String Problems

They’re great.

Valid Palindromes - Easy

This version is only concerned with alphanumeric characters (letters and numbers) so you need to strip and trim of anything else.
There’s a few ways to do this, I used recursion cuz I’m a smartass.
Idea:

1. Base case: when length of string is 1 or less -> return True.
2. Check if first and last characters are the NOT the same, then return False.
3. Else, do the recursive call on the substring, work your way in from the outside, pinching both ends one character at a time.
   Example:

class Solution {
    /**
    Prepare the string by removing all non alphanumeric characters.
     */
    public String prepareString(String input){
        return input.replaceAll("[^a-zA-Z0-9]", "").toLowerCase();
    }
 
    public boolean checkPalindrome(String input) {
        // String tidyStr = prepareString(s);
        if(input.length() <= 1){
            return true;
        }
        else{
            // System.out.println(tidyStr);
            if(input.charAt(0) != input.charAt(input.length() - 1)){
                return false;
            }
            else {
                return checkPalindrome(input.substring(1, input.length() - 1));
            }
        }
    }
 
	// Did this because only wanted to preprocess once...
    public boolean isPalindrome(String s){
        String tidyStr = prepareString(s);
        return checkPalindrome(tidyStr);
    }
}

This recursive solution is VERY slow.

Whereas this one is $O(log(n)$ :

class Solution:
    def isPalindrome(self, s: str) -> bool:
        if len(s) <= 1:
            return True
 
        formatted_input = re.sub(r'[^a-zA-Z0-9]', '', s).lower()
        length = len(formatted_input)
 
        index = 0
        while index < len(formatted_input) // 2:
            if formatted_input[index] != formatted_input[length - index - 1]:
                return False
            index += 1
        return True

Longest Palindrome - Easy

Given a string s that’s made up of upper and lowercase characters, find the longest possible palindrome that can be made from them.
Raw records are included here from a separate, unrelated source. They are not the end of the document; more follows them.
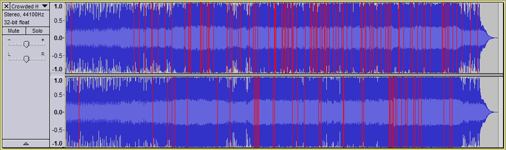 En la imágen podemos ver un audio distorsionado, para repararlo. Seleccionamos todas la pista con el mouse y luego vamos al menú Efecto > Reparar. Si la distorsion fuera solo un rudio o un sector, ampliamos haciendo zoom con la lupa sobre el sector dañado, lo seleccionamos y aplicamos Efecto > Reparar para reemplazar el audio seleccionado con el audio reparado.
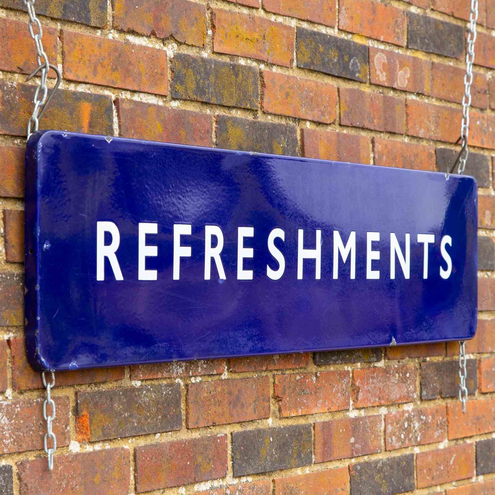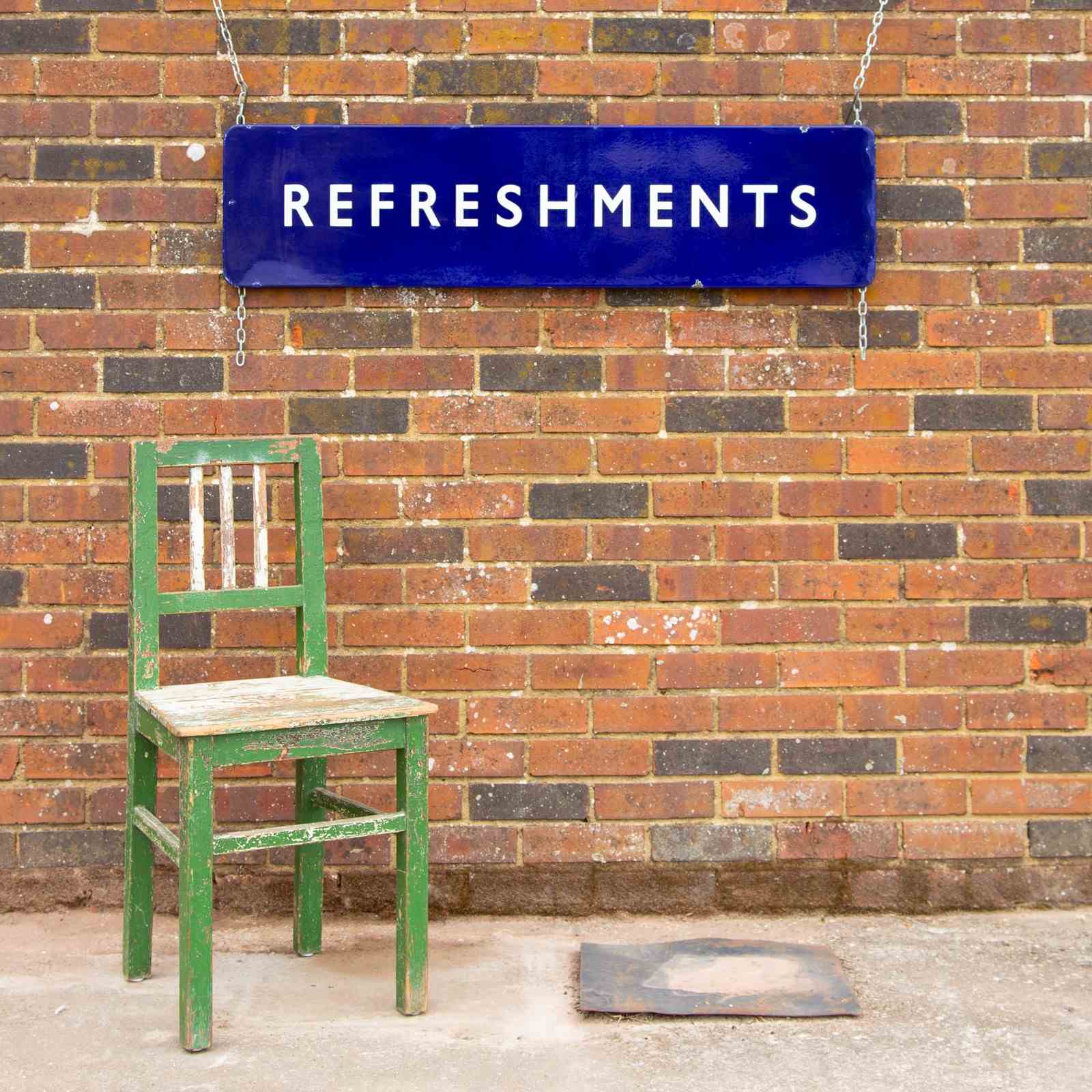 This sign is single sided - it would have originally been back to back with another sign of the same format so that it could have hung from the middle of the platform/station and been visible on both sides. It now hangs neatly against a wall. 'Refreshments' is one of the more unusual subject matters and a perfect for a kitchen / cafe / restaruant where it can be both functional and decorative.
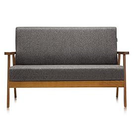 Krei Hejmo Vintage Brown Wooden Low-Seat Armchairs Sofa Couch with Fabric (Two-Seater, Vintage Brown Wood/Dim Gray Fabric)
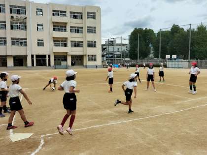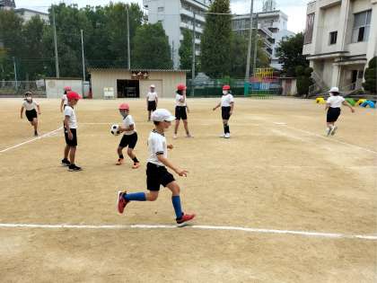 3年生が「キックベース」の学習を運動場でしていました。
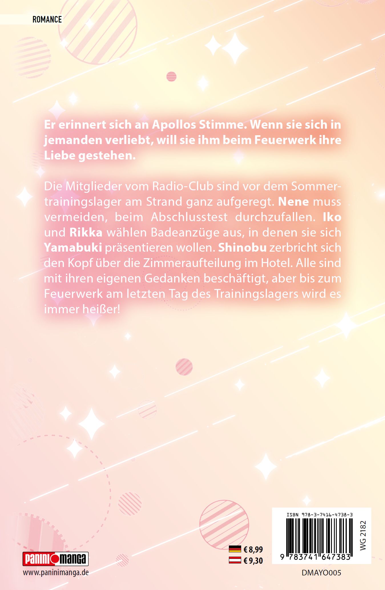 In diesem RomCom-Hit sucht ein Highschool-Schüler nach einer geheimnisvollen Radiomoderatorin und stößt dabei auf vier Mädchen, deren Träume er zuerst erfüllen muss!„Mitten in der Nacht auf dem Bett war deine Stimme meine einzige Rettung. Ich möchte noch einmal mit dir reden. Ich habe dir etwas zu sagen.“Arisu Yamabuki, ein Highschool-Schüler im zweiten Jahr, sucht nach einer Radiomoderatorin namens Apollo, deren Gesicht und echten Namen er aber nicht kennt. Jedoch stösst er unverhofft bei dem Radioclub der Mädchenschule, mit der seine eigene Schule sich zusammengeschlossen hat, auf einen Hinweis. Dort sind mehrere Schülerinnen, die davon träumen, einen Beruf auszuüben, der sich um ihre Stimmen dreht. Es sind gleich vier! Um Apollo finden zu können, gelobt Arisu die Träume der vier zu erfüllen!Doch wer ist Apollo? Was wird aus den Träumen der vier? Dies ist der Beginn einer niedlichen und gleichzeitig eifrigen Erfolgs-RomCom! Das erwartet dich in Band 5: Er erinnert sich an Apollos Stimme. Wenn sie sich in jemanden verliebt, will sie ihm beim Feuerwerk ihre Liebe gestehen. Die Mitglieder vom Radio-Club sind vor dem Sommertrainingslager am Strand ganz aufgeregt. Nene muss vermeiden, beim Abschlusstest durchzufallen. Iko und Rikka wählen Badeanzüge aus, in denen sie sich Yamabuki präsentieren wollen. Shinobu zerbricht sich den Kopf über die Zimmeraufteilung im Hotel. Alle sind mit ihren eigenen Gedanken beschäftigt, aber bis zum Feuerwerk am letzten Tag des Trainingslagers wird es immer heißer!Egal ob im Sonnenschein oder im Sternenlicht – die Jugend und die Liebe der Mädchen strahlen in dieser Erfolgs-Romcom!Für Fans von The Quintessential Quintuplets und More than a Doll/My Dress-Up Darling!

don't actually build the palindromes

Instead it’s all about the frequency, you want to check which characters are even and which are odd.
// Highly recommend trying some examples on paper

Breakdown

• Using either a hashmap or the character-index array trick seen in some other string problems, count the frequency of each char.
• while doing that, check if the new frequency is even, if so increment the max length by two, since that means we can add those two new instances to the palindrome.
• Then when all the counting is done, check if there are any with an odd frequency, if some increment the max length and break. This works because previously, we’ve incremented by 2 at each step if they’re even.

Code:

class Solution {
    public int longestPalindrome(String s) {
         if (s.length() <= 1) return s.length();
 
        int maxLength = 0;
        int[] freqs = new int[52];
        char[] chars = s.toCharArray();
 
        for (char c : chars) {
            if (Character.isLowerCase(c)) {
                freqs[c - 'a']++;
                if (freqs[c - 'a'] % 2 == 0) maxLength += 2;
            }
            if (Character.isUpperCase(c)) {
                freqs[c - 'A' + 26]++;
                if (freqs[c - 'A' + 26] % 2 == 0) maxLength += 2;
            }
        }
        for (int i : freqs) {
            if (i % 2 == 1) {
                maxLength++;
                break;
            }
        }
        return maxLength;
    }
}

Custom Sort String - Medium

This problem gives you 2 strings, one is order and the other is the input.
The order is sorted to some “unknown” order and contains only unique lowercase letters

The goal’s to be able to
Code:

def customSortString(self, order: str, s: str) -> str:
	if len(s) == 1:
		return s
	elif not order or len(order) == 0:
		return s
 
	chars = defaultdict(int)
	# map the count of each char in s
	for ch in s:
		if ch not in chars:
			chars[ch] = 1
		else:
			chars[ch] += 1        
	# build the result
	res = ""
	for c in order:
		if c in chars:
			res += (c * chars[c])
			del chars[c]
	# add remaining items, order doesn't matter
	for k,v in chars.items():
		res+= k*v
	return res   

Maximum Nesting Depth

Given a string containing parenthesis, find the maximum depth of nested parenthesis.
// Meaning the max number of parenthesis nested in another pair of parenthesis
My first intuition was to use a Stack to track the opening a closed parenthesis, but as I solved it I found that’s not needed but helped build the intuition on paper.

Algorithm Breakdown:

1. Init cur variable to count the number of currently nested parenthesis at 0.
2. Init max_depth at 0.
3. Iterate through the string:
   1. If current character is '(', then increment current.
   2. If the current character is ')' then decrement, since that’s a closing pair.
4. Then update the max_depth with current if it’s bigger than the previous value.

I left in the commented out stack code in my solution since it helped me get the idea

Code

def maxDepth(self, s: str) -> int:
	# stack = deque()
	cur = 0
	max_dep = 0
	for ch in s:
		if ch == '(':
			# stack.append(ch)
			cur += 1
		elif ch == ')':
			# stack.pop()
			cur -= 1
		max_dep = max(cur, max_dep) # updated the max with the bigger value
	return max_dep